I have no ridge vent so I have a powered thermo controlled fan in one end on the gable vent. I am on my second $35 fan. The first one lasted 18 years. This one is on its ninth year. Some noise for sure but mostly in the daytime when I am not upstairs and it made a huge dent in the cooling bill when I installed the thing way back when. I need to get a new roof since this one has been there since 1985 but it is in pretty decent "uncooked" condition. My neighbor didn't put in a gable fan and had to replace his roasted roof after eight years.


----------



## firebroad (Jun 18, 2012)

There doesn't seem to be any perforations or anything else in the soffits.   I guess I will have to dig out the original paperwork or call the roofer to see what is what.


----------



## fossil (Jun 18, 2012)

Seeing some daylight looking around the perimeter inside the attic doesn't necessarily mean your soffits are properly vented.  If you're not really sure just exactly what you're dealing with, then there's no question that the best course of action is to get a local professional over there to inspect & assess things with you, and discuss your needs/options.   Generally speaking, proper soffit vents are an easier retro-fit than a ridge vent, although that's doable.  If you have neither a ridge vent nor proper soffit vents, then the gable end vents and a new attic fan win $$$-wise hands down.  In any case, I really think getting a local pro over there is the best thing for you to do.  Rick


----------



## firebroad (Jun 18, 2012)

fossil said:


> Seeing some daylight looking around the perimeter inside the attic doesn't necessarily mean your soffits are properly vented. If you're not really sure just exactly what you're dealing with, then there's no question that the best course of action is to get a local professional over there to inspect & assess things with you, and discuss your needs/options. Generally speaking, proper soffit vents are an easier retro-fit than a ridge vent, although that's doable. If you have neither a ridge vent nor proper soffit vents, then the gable end vents and a new attic fan win $$$-wise hands down. In any case, I really think getting a local pro over there is the best thing for you to do. Rick


I tend to agree.  I called the roofing company, I hold them in high regard, so when they get back to me I think I will invite them over to take a peek.


----------



## woodgeek (Jun 18, 2012)

Latest building science says attic fans are not needed. Shingle life doesn't care....what about insulated cathedral roofs? If the attic floor is not airsealed perfectly, the fan sucks conditioned air out of the house, which does cool the attic, but this also drives up your AC costs (!) rather than reducing them. Backed up by some case studies.

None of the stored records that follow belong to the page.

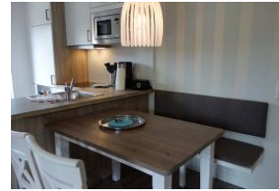
.Der Esstisch - Anschluss.....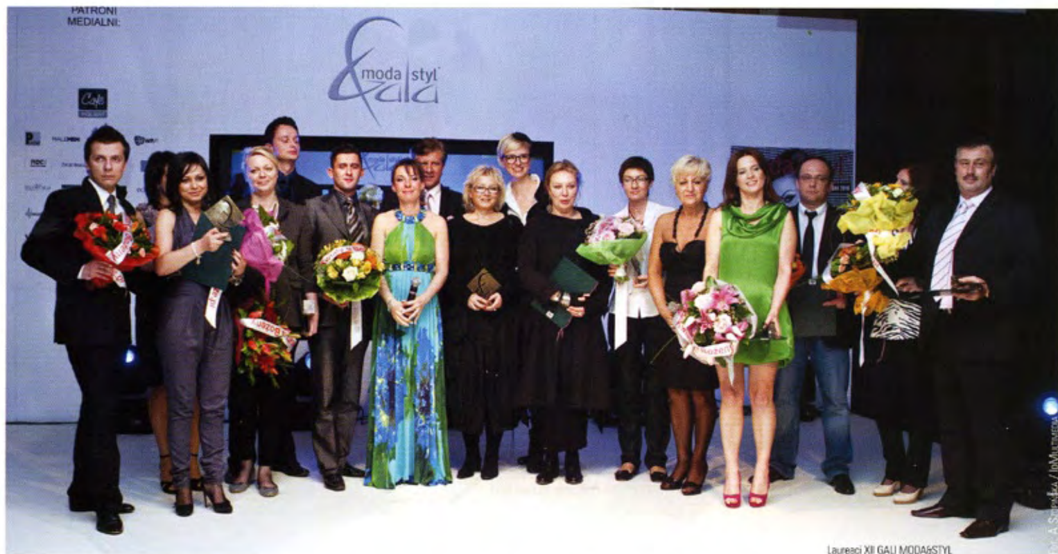
Laureaci XII GALI MODA&STYL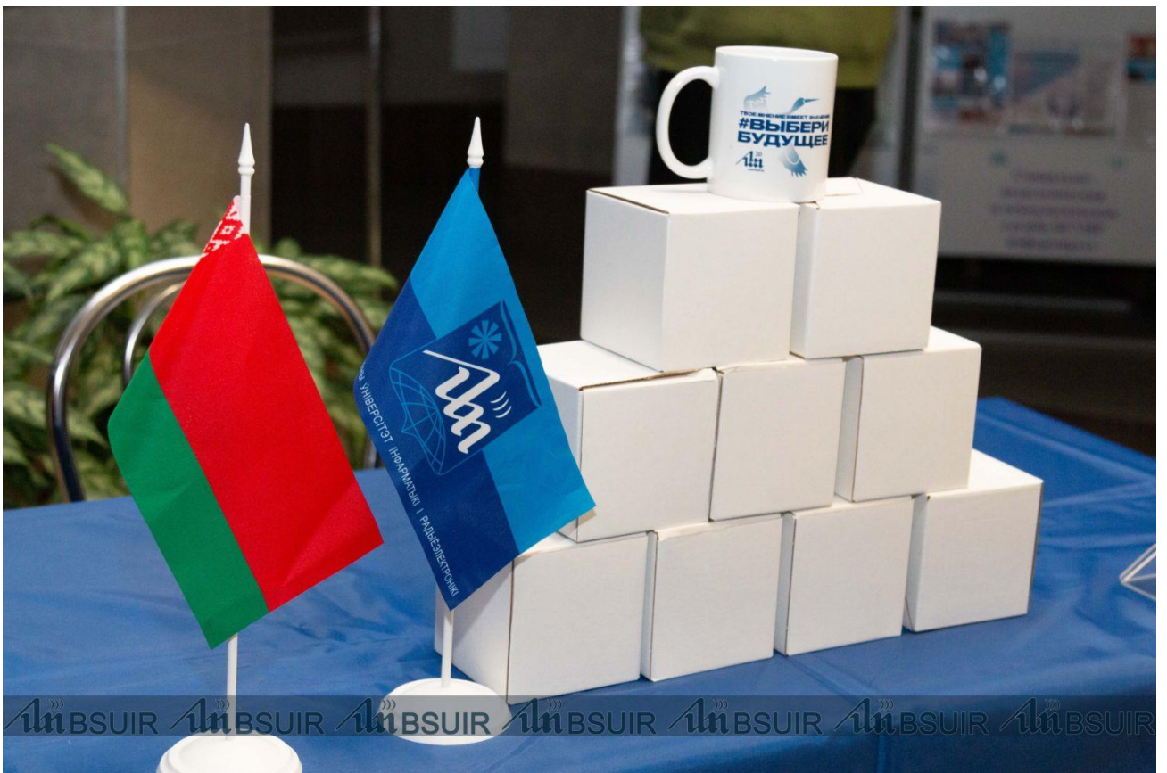
Подготовлено пресс-службой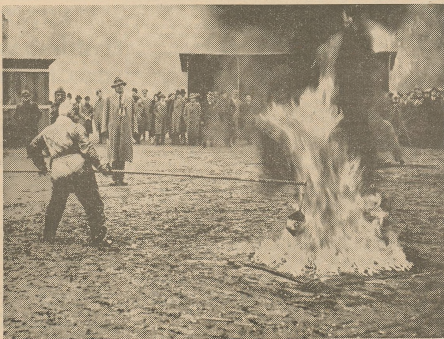
En Roma han sido probadas oficialmente, unas nuevas bombas a paga-fuegos. El inventor apagando una alfombra ardiendo con la bomba de su invención.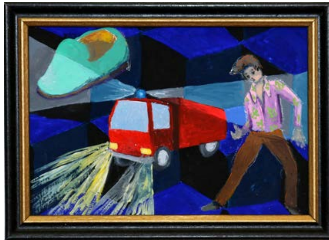
Anne BRÉGEAUT, 'la nuit et puis plus rien' 2015, peinture vinylique sur bois COLL. DE L'ARTISTE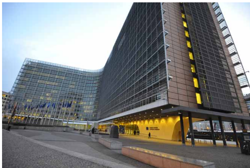
Berlaymont, Sitz der EU-Kommission in Brüssel

Den wahren Grund für die geforderten Schnellschüsse in der Nutzenbewertung kann man in den Papieren der Kommission finden. Da wird vor-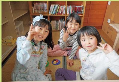
Newコーナーでうっとり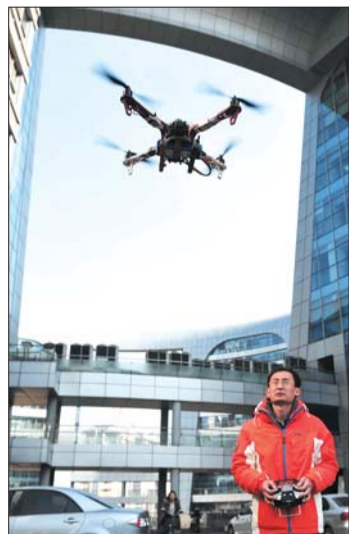
▶教练操作组装好的无人机。

Don't see why you need to roof over the hole....if there is no weather coming in, pull the wires and leave the fan in place.


----------



## BrotherBart (Jun 18, 2012)

woodgeek said:


> Latest building science says attic fans are not needed. Shingle life doesn't care....what about insulated cathedral roofs? If the attic floor is not airsealed perfectly, the fan sucks conditioned air out of the house, which does cool the attic, but this also drives up your AC costs (!) rather than reducing them. Backed up by some case studies.


 
Send'em over here to study. The case study with my neighbor had shingles that looked like ruffled potato chips. My case study dropped the A/C cost by a third in an exactly comparable year.

Cathedral roof shingles live longer because of the extreme slope, less angle of attack from Maw Nature. Any extreme slopped roof lasts longer.


----------



## woodgeek (Jun 19, 2012)

Lots of defective shingles have been shipped over the years, the neighbors shingles curled up shortly after a fan died?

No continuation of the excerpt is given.